En este sentido enseña Grisolía que «el objetivo perseguido es compeler al empleador a abonar en tiempo y forma las indemnizaciones por despido y evitar litigios. La sanción no se vincula con la causa del despido: se castiga la conducta dilatoria que genera gastos y pérdidas de tiempo» (Grisolía, Julio Armando, «Derecho del trabajo y de la seguridad social», Ed. Depalma, Buenos Aires, 2003, Cap.

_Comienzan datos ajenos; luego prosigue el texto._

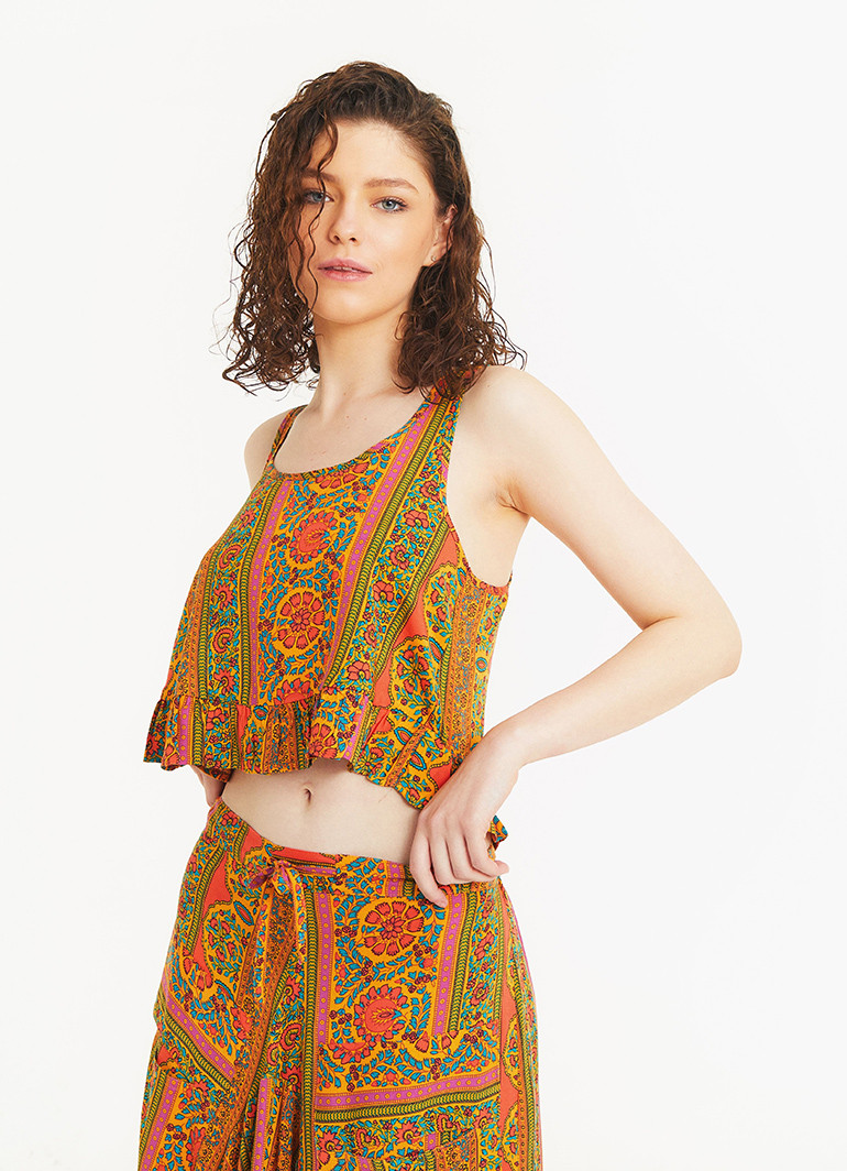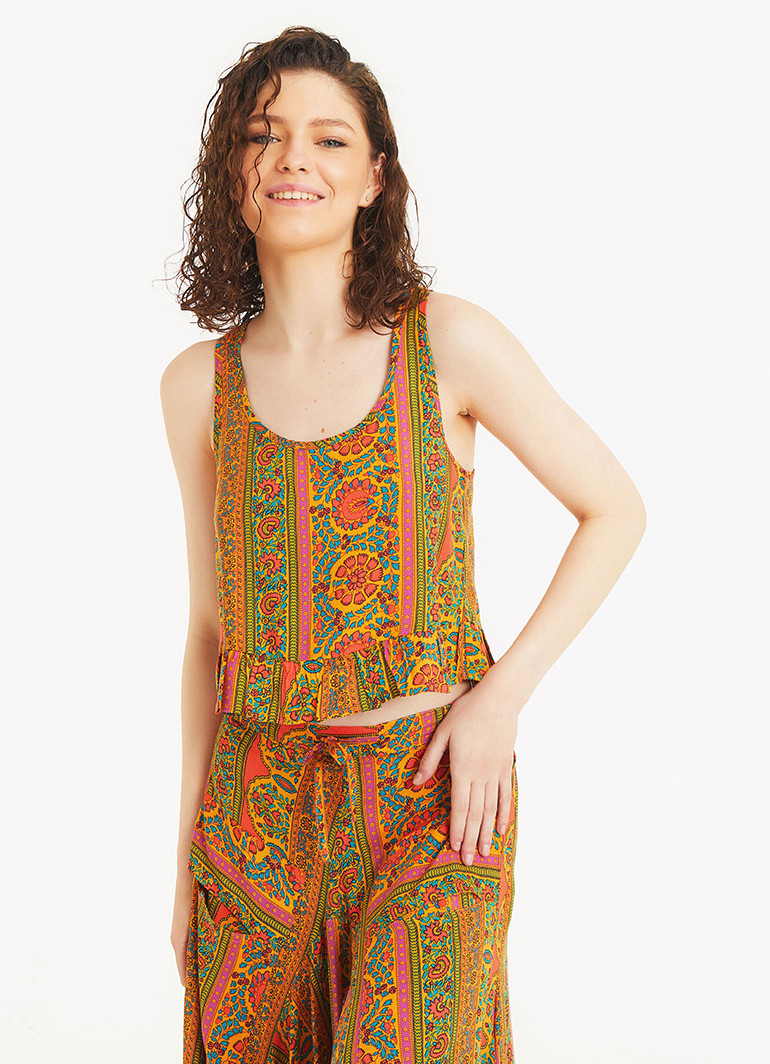 Havuz Yaka, Dökümlü, Kalın Askılı, Desenli, Yazlık Kısa Bluz

XVI, subacápite «Incremento indemnizatorio del art. 2 de la ley 25323)» (confr.esta Sala, SDL 46/2008 y 58/2019).

En la especie se observa que la actora mediante telegrama Ley 23.789 identificado como CD 906796746 (hoja 5 d.r.) se consideró despedida ante el incumplimiento a la intimación cursada a la empleadora para otorgar tareas acordes a su disminución temporaria de su capacidad laboral e intimó al pago de la liquidación final e indemnizaciones de ley, bajo apercibimiento de reclamarlas judicialmente.

Asimismo, intimó a la entrega de recibos oficiales de haberes, certificado de trabajo y aportes y contribuciones a los organismos de la seguridad social y fiscalización (art. 80 LCT), bajo apercibimiento de lo dispuesto en el art. 45 Ley 25.345 e indemnizaciones y multas de las leyes 24.013 y 25.323. La demandada rechazó dicha misiva (CD 855957858), negando que el despido se hubiera producido por su culpa y que corresponda abonar indemnización alguna, poniendo a disposición la liquidación final. En este contexto, la actora inició demanda laboral persiguiendo el cobro de las sumas que consideraba adeudadas, las cuales fueron reconocidas en la primera instancia y cuya decisión propicio confirmar, conforme lo expuesto en el agravio precedente.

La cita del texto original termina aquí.